Coast IRB bows to FDA pressure on study approvals

by | 15th Apr 2009 | News

Colorado-based institutional review board (IRB) Coast has agreed not to approve any new clinical studies regulated by the US Food and Drug Administration, nor to add any new subjects to ongoing FDA-regulated studies.

Colorado-based institutional review board (IRB) Coast has agreed not to approve any new clinical studies regulated by the US Food and Drug Administration, nor to add any new subjects to ongoing FDA-regulated studies.

The action was taken in response to a warning letter from the US agency, which cited “serious concerns about the company’s ability to protect human subjects participating in clinical trials”. According to the FDA, Coast’s records indicate that the restrictions may affect some 300 active human research studies conducted by around 3,000 clinical investigators.

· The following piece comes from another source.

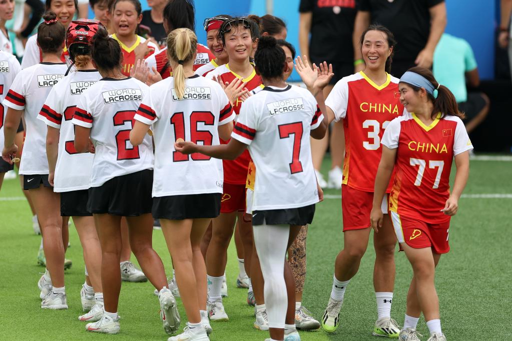 8月9日,中国棍网球队球员与加拿大队球员赛后击掌致意。新华社记者 陈斌 摄

The agency will continue actively to monitor Coast and will “take appropriate action as necessary”, it added. The restrictions will stay in place “until the FDA is satisfied that Coast IRB has taken necessary corrective actions that bring it into compliance with FDA regulations designed to protect human research subjects”.

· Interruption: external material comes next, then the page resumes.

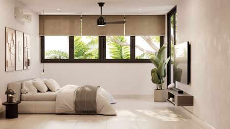 Recámara principal con baño con doble lavabo, closet vestidor y balcón

The IRB has informed clients that it is co-operating fully with the FDA and will provide the agency with a corrective action plan on or before 29 April 2009.

Only last week, Coast launched what it described as “immediate and sweeping” reforms of its management and operating procedures in an attempt to repair the damage from a hostile US Congressional hearing in March.

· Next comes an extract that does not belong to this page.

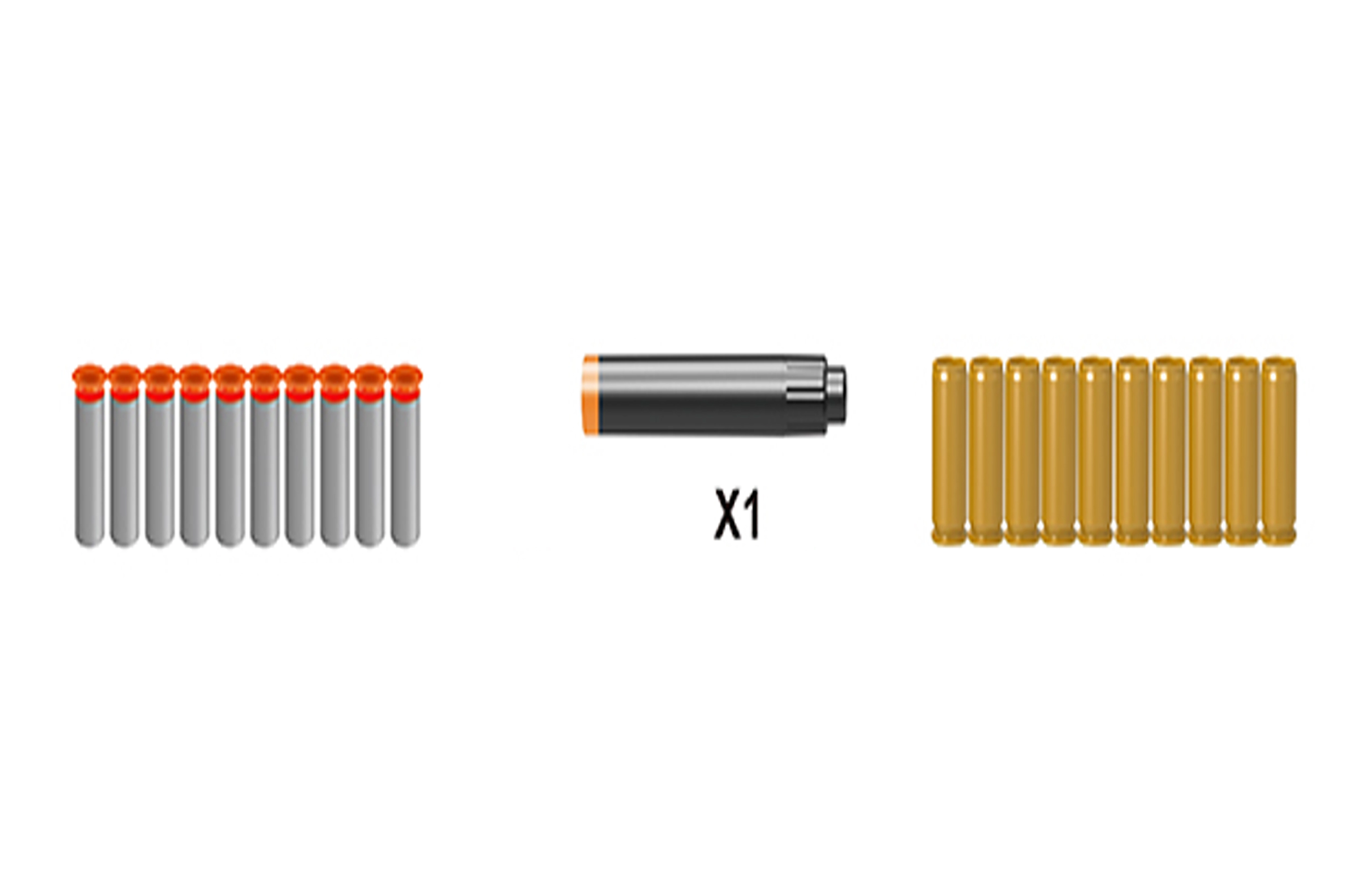 - Rijke uitrusting: 10 patronen en 10 foamkogels

At the hearing on IRBs organised by the House Energy and Commerce Committee’s Oversight & Investigations Subcommittee, Coast was pilloried for having approved a trial protocol submitted for a fake and potentially dangerous medical device by a bogus company invented as part of a ‘sting’ operation by the US Government Accountability Office (GAO).

In evaluating the information provided by the GAO investigators, the FDA said, it determined that Coast had “violated several regulations intended to protect the rights and welfare of human research subjects in clinical trials and that the company failed to perform a robust review prior to approving the GAO study”.

Specifically, the agency noted, Coast failed to:

– Determine that the risks to participants in the bogus device trial were minimised.

– Determine that the risks to trial subjects were “reasonable in relation to anticipated benefits, if any, to subjects, and the importance of the knowledge that may be expected to result”.
– Determine the applicability of 21 CFR Part 812 (the regulation that provides for investigational device exemptions in the US) or make a risk determination for the proposed device study .
– Ensure that basic elements of informed consent were included in the IRB’s approved consent form for the study.
– Demonstrate “its ability to ascertain the acceptability of the proposed research in terms of regulations, applicable law, and standards of professional conduct and practice”.

The FDA gave Coast 15 working days from the receipt of the warning letter to “notify the Agency of the specific actions you have taken or plan to take to bring Coast IRB into full compliance with FDA regulations”.

Clinical studies already approved by Coast will be allowed to continue because of the potential risk to enrollees and disruption to research if ongoing trials are abruptly terminated, the agency said.